* DATA TO EXAMINE:

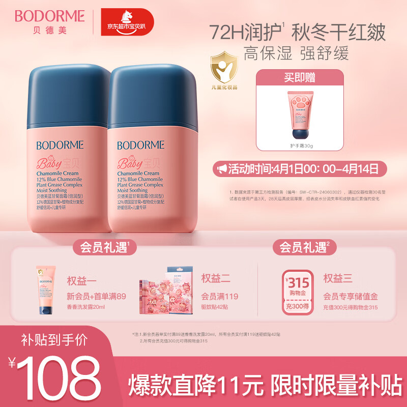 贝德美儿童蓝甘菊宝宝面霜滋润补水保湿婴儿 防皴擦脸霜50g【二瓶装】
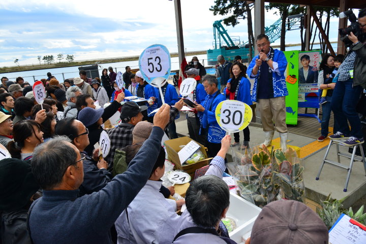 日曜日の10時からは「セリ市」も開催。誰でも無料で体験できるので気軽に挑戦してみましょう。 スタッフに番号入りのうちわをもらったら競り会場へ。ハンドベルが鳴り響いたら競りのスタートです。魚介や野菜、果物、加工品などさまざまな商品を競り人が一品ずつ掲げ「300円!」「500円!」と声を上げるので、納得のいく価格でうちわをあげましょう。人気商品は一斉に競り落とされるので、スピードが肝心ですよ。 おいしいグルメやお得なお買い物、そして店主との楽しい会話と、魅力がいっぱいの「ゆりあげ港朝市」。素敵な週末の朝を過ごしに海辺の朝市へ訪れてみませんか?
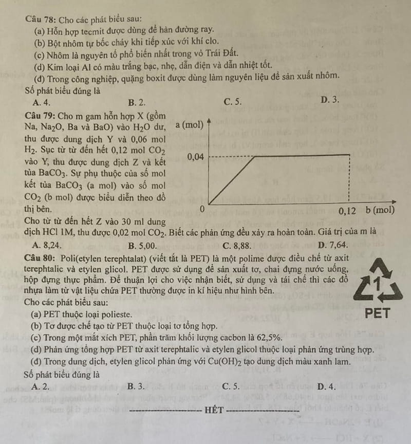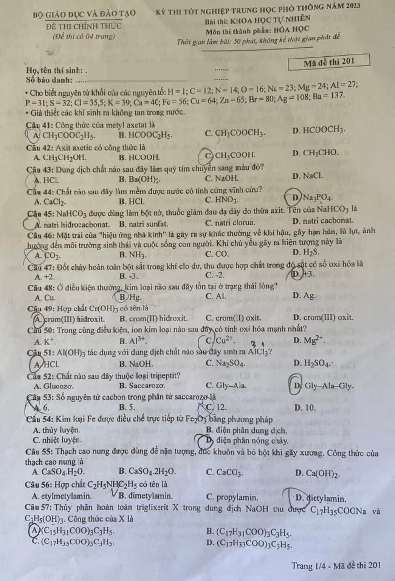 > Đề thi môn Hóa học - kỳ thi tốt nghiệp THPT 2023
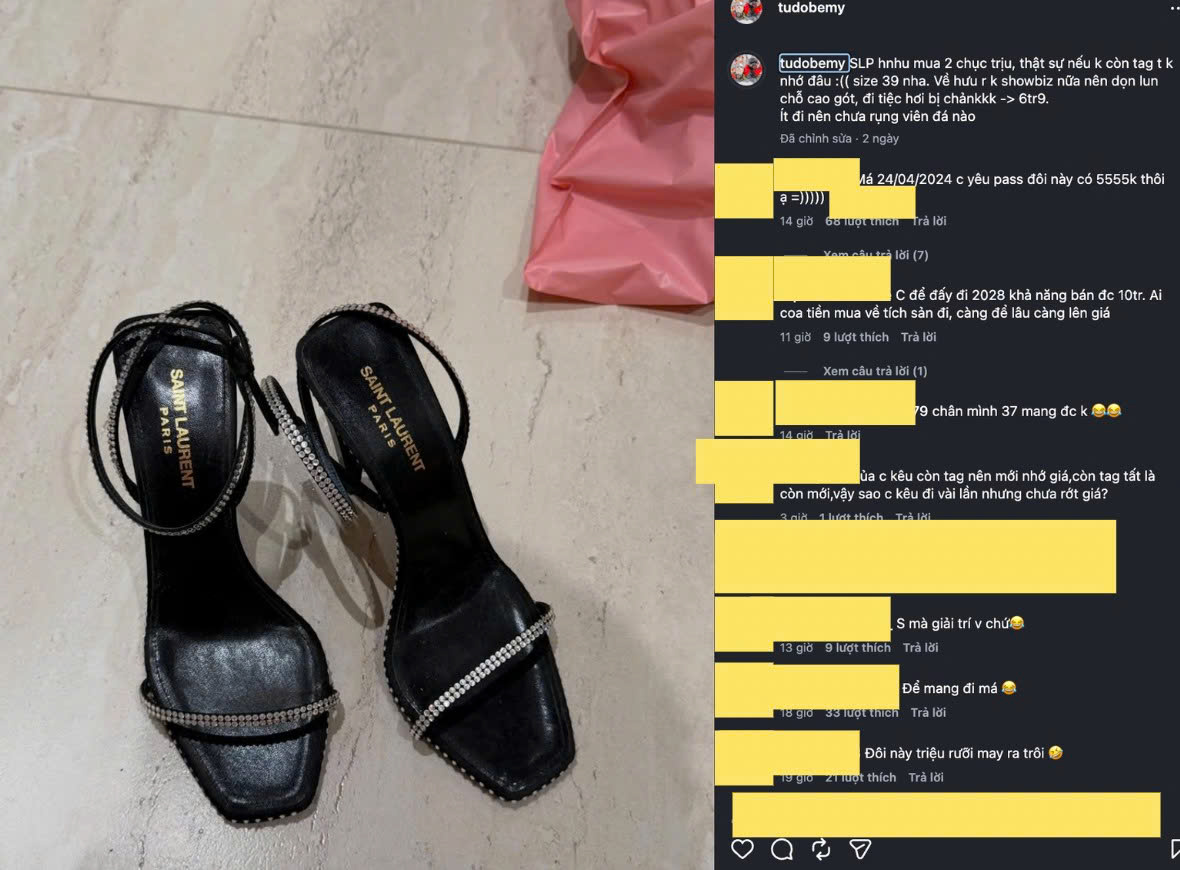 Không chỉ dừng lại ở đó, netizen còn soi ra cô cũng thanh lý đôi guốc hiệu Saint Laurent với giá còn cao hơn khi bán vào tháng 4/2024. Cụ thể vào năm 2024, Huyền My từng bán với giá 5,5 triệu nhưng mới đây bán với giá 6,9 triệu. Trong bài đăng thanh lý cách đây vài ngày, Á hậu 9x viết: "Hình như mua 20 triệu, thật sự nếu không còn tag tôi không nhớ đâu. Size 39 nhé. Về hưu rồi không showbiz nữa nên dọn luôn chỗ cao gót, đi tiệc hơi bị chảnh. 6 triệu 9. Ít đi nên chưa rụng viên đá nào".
...
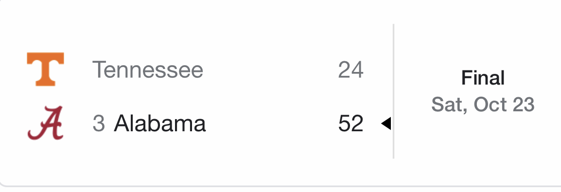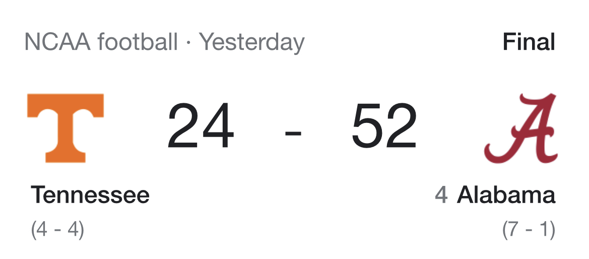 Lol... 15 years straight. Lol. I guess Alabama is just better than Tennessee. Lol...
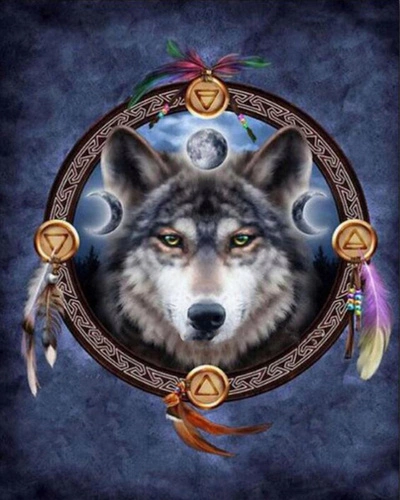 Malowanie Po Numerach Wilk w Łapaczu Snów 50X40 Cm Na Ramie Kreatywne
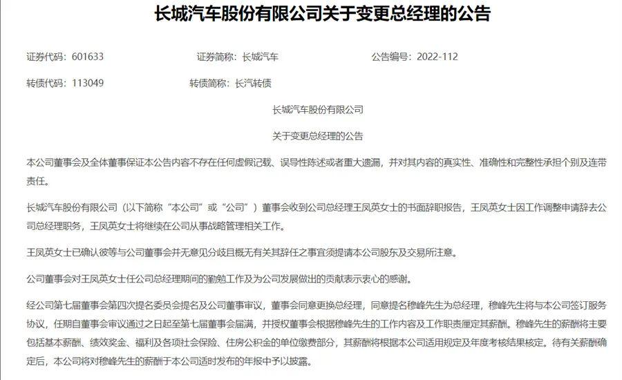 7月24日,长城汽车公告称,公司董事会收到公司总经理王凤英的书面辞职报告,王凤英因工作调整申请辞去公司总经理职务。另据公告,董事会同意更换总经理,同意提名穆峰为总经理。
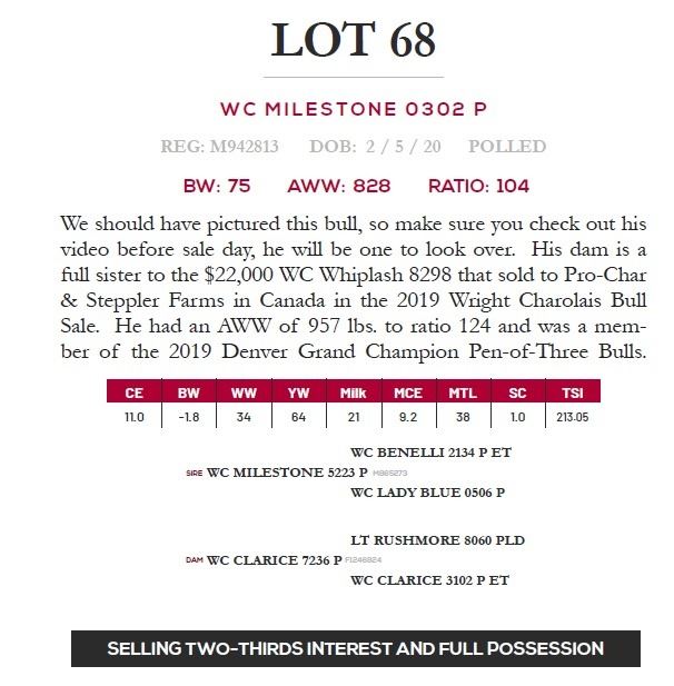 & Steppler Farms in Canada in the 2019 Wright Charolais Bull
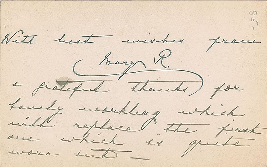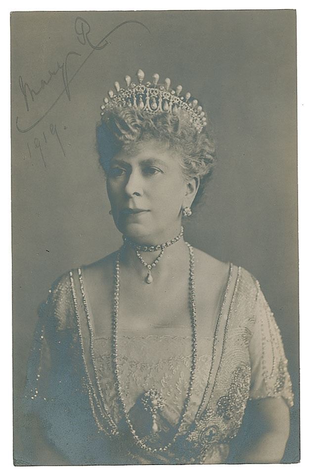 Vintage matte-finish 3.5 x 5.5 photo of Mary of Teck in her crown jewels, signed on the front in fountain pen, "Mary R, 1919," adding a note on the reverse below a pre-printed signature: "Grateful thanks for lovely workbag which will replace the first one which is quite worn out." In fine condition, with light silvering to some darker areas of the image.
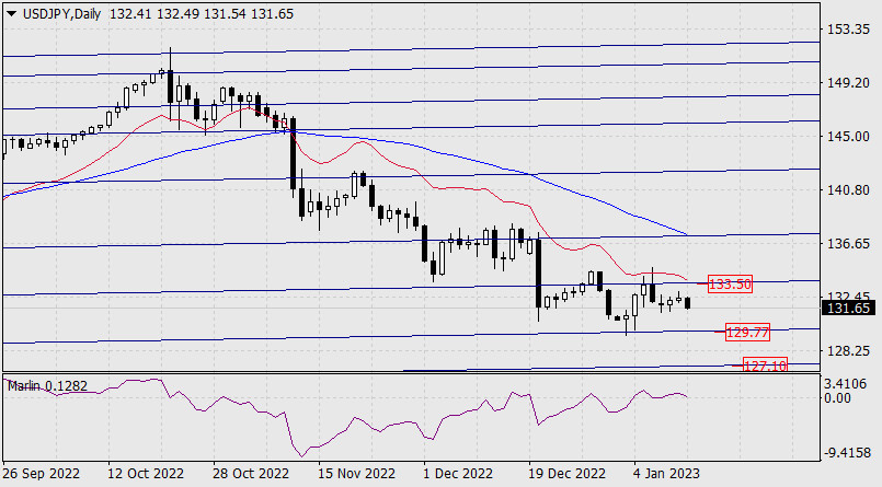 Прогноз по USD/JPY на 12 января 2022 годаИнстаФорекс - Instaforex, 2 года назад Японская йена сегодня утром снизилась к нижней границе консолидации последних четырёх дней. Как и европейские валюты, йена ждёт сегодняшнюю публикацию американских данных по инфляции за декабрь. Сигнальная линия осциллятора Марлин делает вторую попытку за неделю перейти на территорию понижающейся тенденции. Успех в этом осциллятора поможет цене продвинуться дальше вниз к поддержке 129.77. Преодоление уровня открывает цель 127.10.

* TASK TO CARRY OUT:
Your reply should hold nothing but the lines above, from the one containing "Malowanie Po Numerach" to the one containing "Vintage matte-finish 3.5", reproduced exactly minus the pictures.

* WORKED SOLUTION:
 Malowanie Po Numerach Wilk w Łapaczu Snów 50X40 Cm Na Ramie Kreatywne
 7月24日,长城汽车公告称,公司董事会收到公司总经理王凤英的书面辞职报告,王凤英因工作调整申请辞去公司总经理职务。另据公告,董事会同意更换总经理,同意提名穆峰为总经理。
 & Steppler Farms in Canada in the 2019 Wright Charolais Bull
 Vintage matte-finish 3.5 x 5.5 photo of Mary of Teck in her crown jewels, signed on the front in fountain pen, "Mary R, 1919," adding a note on the reverse below a pre-printed signature: "Grateful thanks for lovely workbag which will replace the first one which is quite worn out." In fine condition, with light silvering to some darker areas of the image.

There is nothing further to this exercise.